ASSIGNED TASK » Filter on the word "perfect": copy each matching line from the listing below.

━━━━━ MATERIAL TO PROCESS

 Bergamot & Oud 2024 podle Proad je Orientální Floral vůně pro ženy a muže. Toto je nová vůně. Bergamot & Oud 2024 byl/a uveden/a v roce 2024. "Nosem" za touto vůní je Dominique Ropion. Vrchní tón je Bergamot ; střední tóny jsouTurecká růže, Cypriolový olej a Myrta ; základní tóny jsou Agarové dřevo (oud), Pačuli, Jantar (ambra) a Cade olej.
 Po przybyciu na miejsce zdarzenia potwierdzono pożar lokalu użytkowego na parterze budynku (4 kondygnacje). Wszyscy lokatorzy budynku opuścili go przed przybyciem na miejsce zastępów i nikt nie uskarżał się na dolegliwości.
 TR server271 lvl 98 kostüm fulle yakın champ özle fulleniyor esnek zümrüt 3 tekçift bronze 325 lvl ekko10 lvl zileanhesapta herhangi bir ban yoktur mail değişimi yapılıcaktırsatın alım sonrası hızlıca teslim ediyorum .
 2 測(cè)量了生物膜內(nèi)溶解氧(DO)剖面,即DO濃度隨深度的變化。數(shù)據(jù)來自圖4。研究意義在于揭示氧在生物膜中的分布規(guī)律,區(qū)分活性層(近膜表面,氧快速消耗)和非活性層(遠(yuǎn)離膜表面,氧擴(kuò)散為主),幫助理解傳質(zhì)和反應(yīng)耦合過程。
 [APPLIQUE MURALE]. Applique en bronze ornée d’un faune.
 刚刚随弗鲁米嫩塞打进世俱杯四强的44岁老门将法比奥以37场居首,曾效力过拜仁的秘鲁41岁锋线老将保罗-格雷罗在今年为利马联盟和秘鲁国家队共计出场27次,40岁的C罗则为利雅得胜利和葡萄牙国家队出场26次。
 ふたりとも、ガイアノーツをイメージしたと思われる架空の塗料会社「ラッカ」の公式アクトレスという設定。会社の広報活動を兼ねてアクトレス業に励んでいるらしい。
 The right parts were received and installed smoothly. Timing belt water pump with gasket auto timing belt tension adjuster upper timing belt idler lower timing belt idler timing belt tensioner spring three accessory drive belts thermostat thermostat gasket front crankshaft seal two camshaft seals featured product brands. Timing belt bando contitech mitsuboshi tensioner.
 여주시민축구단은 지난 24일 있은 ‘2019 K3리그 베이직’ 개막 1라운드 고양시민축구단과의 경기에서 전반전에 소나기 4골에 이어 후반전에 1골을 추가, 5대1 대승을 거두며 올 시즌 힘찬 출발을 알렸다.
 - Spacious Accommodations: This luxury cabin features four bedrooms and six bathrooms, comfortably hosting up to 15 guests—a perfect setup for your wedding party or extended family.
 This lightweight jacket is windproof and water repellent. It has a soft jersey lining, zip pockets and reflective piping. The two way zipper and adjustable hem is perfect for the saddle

━━━━━━━━━━
━━━━━ MATERIAL TO PROCESS

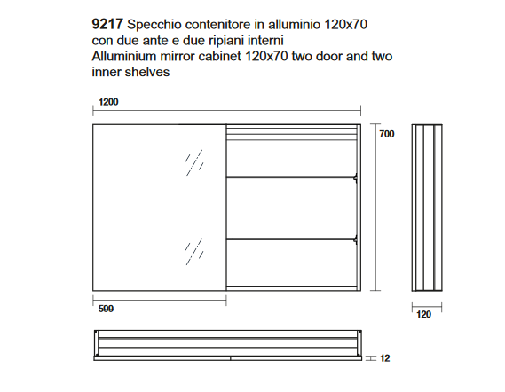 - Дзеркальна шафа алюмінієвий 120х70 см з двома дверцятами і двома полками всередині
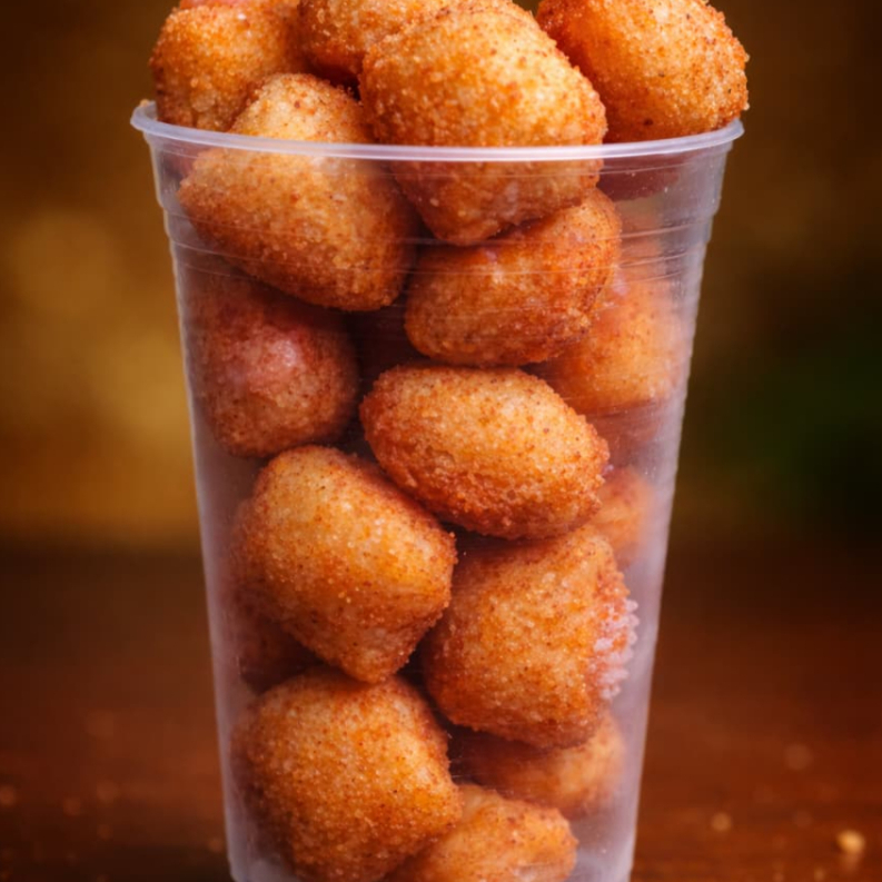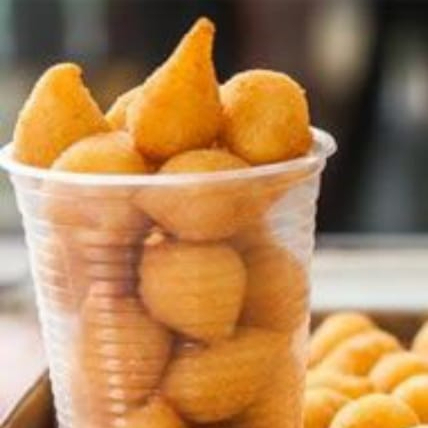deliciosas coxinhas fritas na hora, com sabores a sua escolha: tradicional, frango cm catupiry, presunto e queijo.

━━━━━━━━━━

COMPLETED TASK »
 - Spacious Accommodations: This luxury cabin features four bedrooms and six bathrooms, comfortably hosting up to 15 guests—a perfect setup for your wedding party or extended family.
 This lightweight jacket is windproof and water repellent. It has a soft jersey lining, zip pockets and reflective piping. The two way zipper and adjustable hem is perfect for the saddle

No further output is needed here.